▶ Records for the exercise

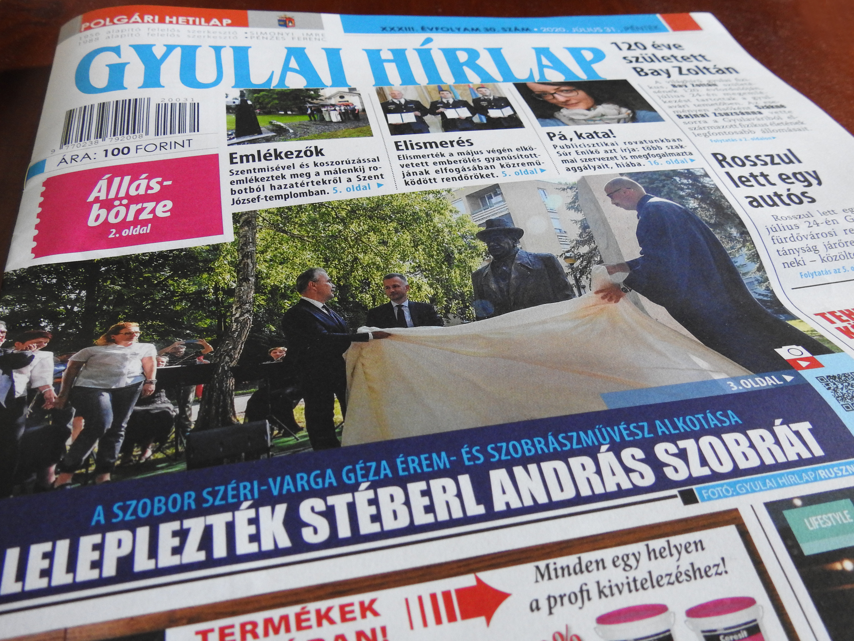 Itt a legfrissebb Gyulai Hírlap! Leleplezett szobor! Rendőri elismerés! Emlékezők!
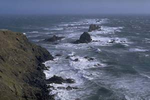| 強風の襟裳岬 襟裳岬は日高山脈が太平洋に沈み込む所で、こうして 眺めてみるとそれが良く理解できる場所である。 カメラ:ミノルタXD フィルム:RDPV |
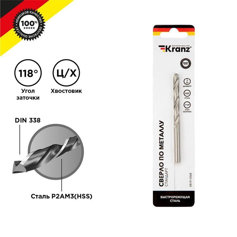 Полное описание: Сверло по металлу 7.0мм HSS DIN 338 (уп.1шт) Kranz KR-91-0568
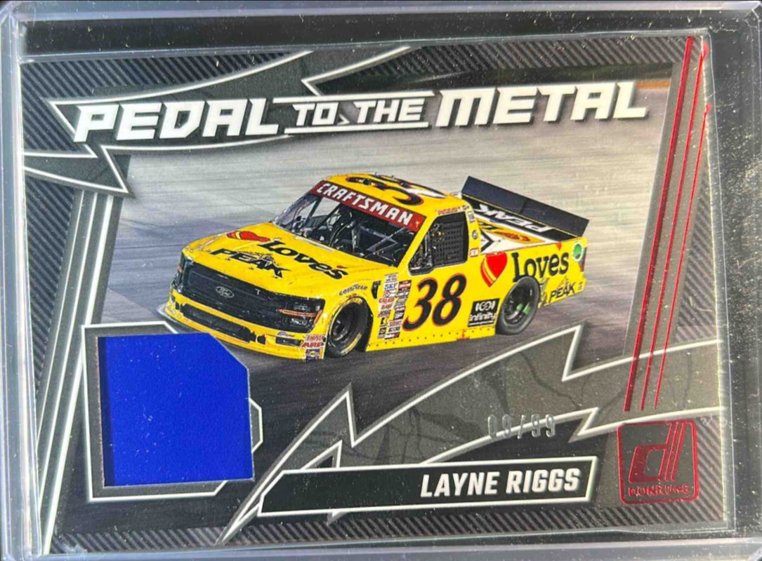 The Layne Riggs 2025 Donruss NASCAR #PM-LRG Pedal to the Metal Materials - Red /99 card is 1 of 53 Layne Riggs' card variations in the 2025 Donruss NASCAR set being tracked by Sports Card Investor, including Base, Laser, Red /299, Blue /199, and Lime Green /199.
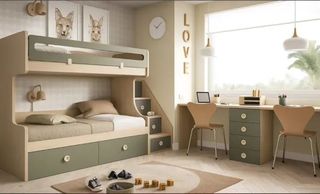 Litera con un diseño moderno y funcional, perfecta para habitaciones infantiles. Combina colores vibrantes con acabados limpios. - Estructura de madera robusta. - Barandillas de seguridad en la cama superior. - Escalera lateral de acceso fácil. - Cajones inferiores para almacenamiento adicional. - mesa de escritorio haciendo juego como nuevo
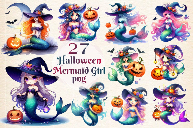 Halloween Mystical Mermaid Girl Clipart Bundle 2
---
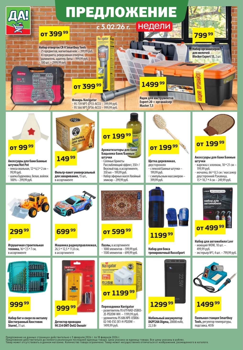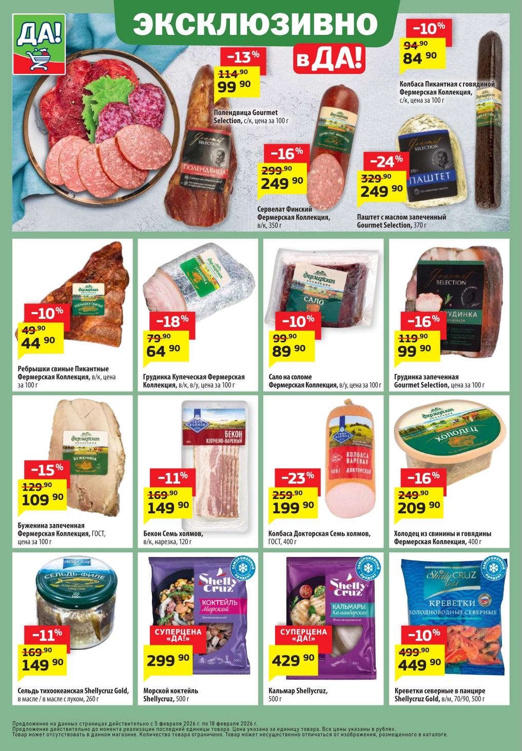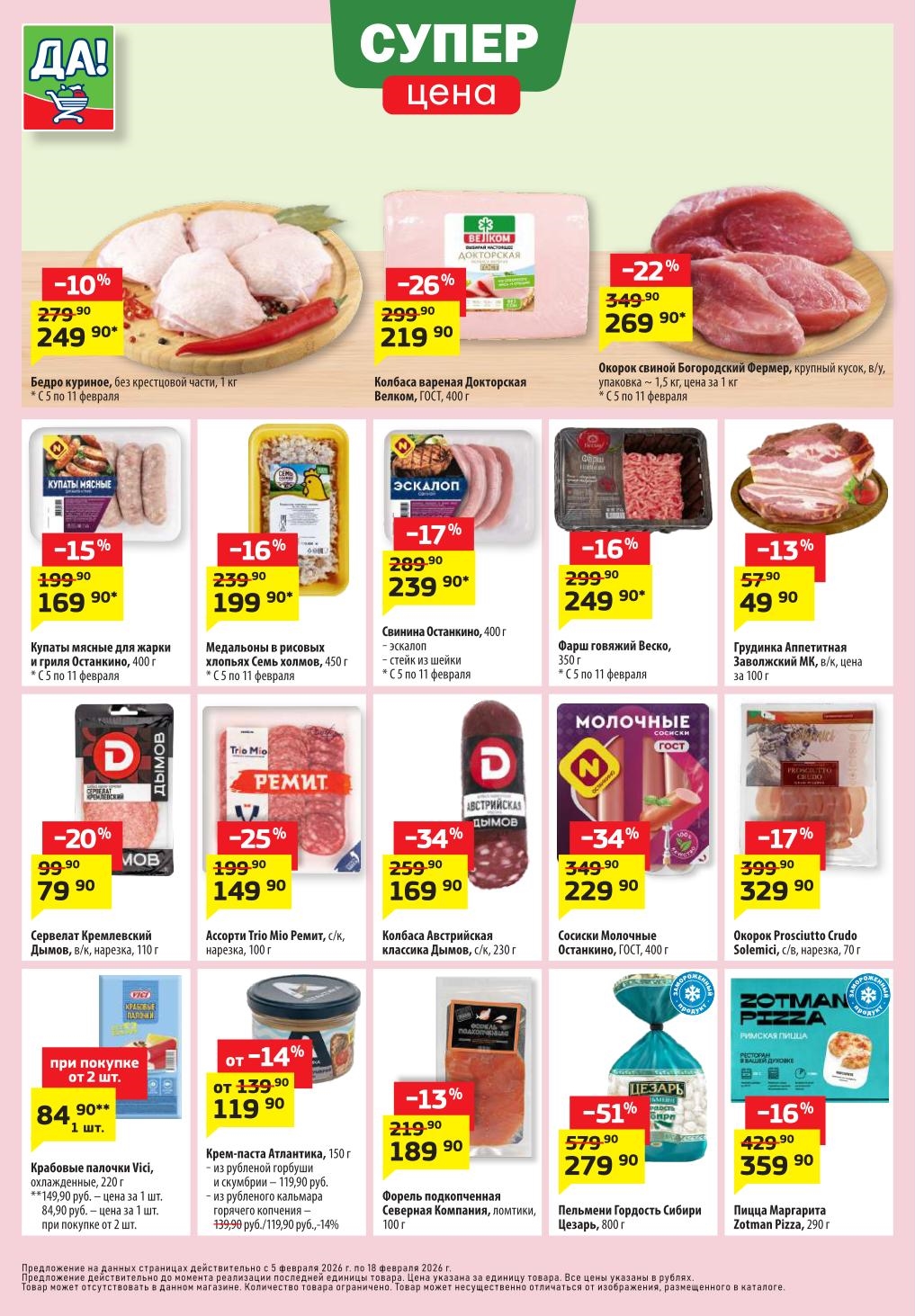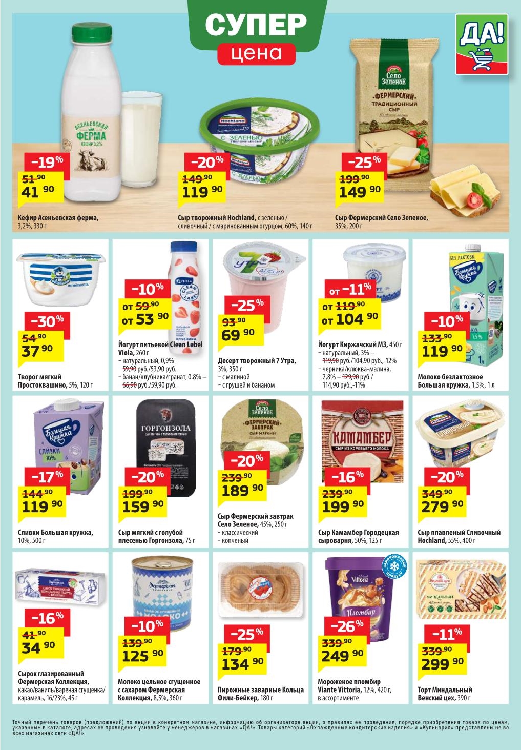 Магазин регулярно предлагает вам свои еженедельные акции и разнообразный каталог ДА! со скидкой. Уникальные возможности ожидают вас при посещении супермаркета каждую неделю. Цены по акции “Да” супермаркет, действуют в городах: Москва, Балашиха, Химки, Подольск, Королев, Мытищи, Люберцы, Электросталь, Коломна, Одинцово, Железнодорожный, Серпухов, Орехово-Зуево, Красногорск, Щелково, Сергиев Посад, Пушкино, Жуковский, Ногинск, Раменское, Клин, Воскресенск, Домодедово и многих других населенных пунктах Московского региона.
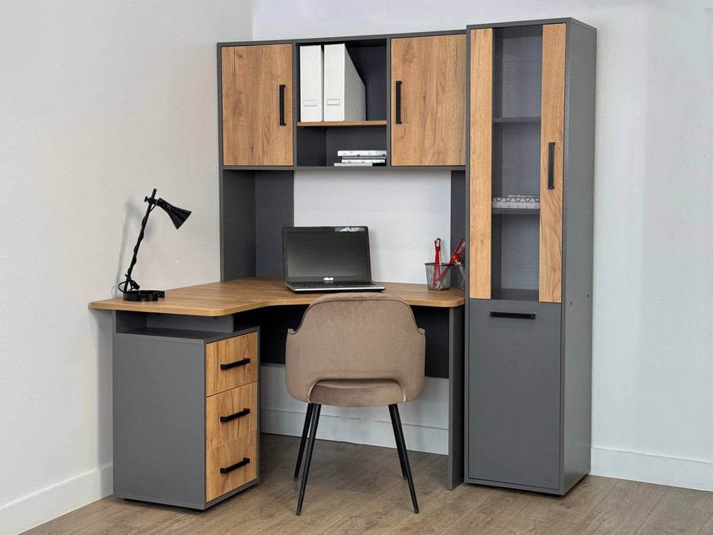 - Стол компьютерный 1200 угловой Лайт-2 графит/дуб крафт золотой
--
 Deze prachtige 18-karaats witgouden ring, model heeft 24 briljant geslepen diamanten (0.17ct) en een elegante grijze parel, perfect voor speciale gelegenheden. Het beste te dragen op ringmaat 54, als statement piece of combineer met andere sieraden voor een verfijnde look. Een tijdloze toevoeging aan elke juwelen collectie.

▶ How to complete this task
Looking at the listing above, which lines run from the one containing "Itt a legfrissebb" through the one containing "Litera con un"? Print exactly those, ends included, pictures excluded.

▶ Worked solution
 Itt a legfrissebb Gyulai Hírlap! Leleplezett szobor! Rendőri elismerés! Emlékezők!
| 強風の襟裳岬 襟裳岬は日高山脈が太平洋に沈み込む所で、こうして 眺めてみるとそれが良く理解できる場所である。 カメラ:ミノルタXD フィルム:RDPV |
 Полное описание: Сверло по металлу 7.0мм HSS DIN 338 (уп.1шт) Kranz KR-91-0568
 The Layne Riggs 2025 Donruss NASCAR #PM-LRG Pedal to the Metal Materials - Red /99 card is 1 of 53 Layne Riggs' card variations in the 2025 Donruss NASCAR set being tracked by Sports Card Investor, including Base, Laser, Red /299, Blue /199, and Lime Green /199.
 Litera con un diseño moderno y funcional, perfecta para habitaciones infantiles. Combina colores vibrantes con acabados limpios. - Estructura de madera robusta. - Barandillas de seguridad en la cama superior. - Escalera lateral de acceso fácil. - Cajones inferiores para almacenamiento adicional. - mesa de escritorio haciendo juego como nuevo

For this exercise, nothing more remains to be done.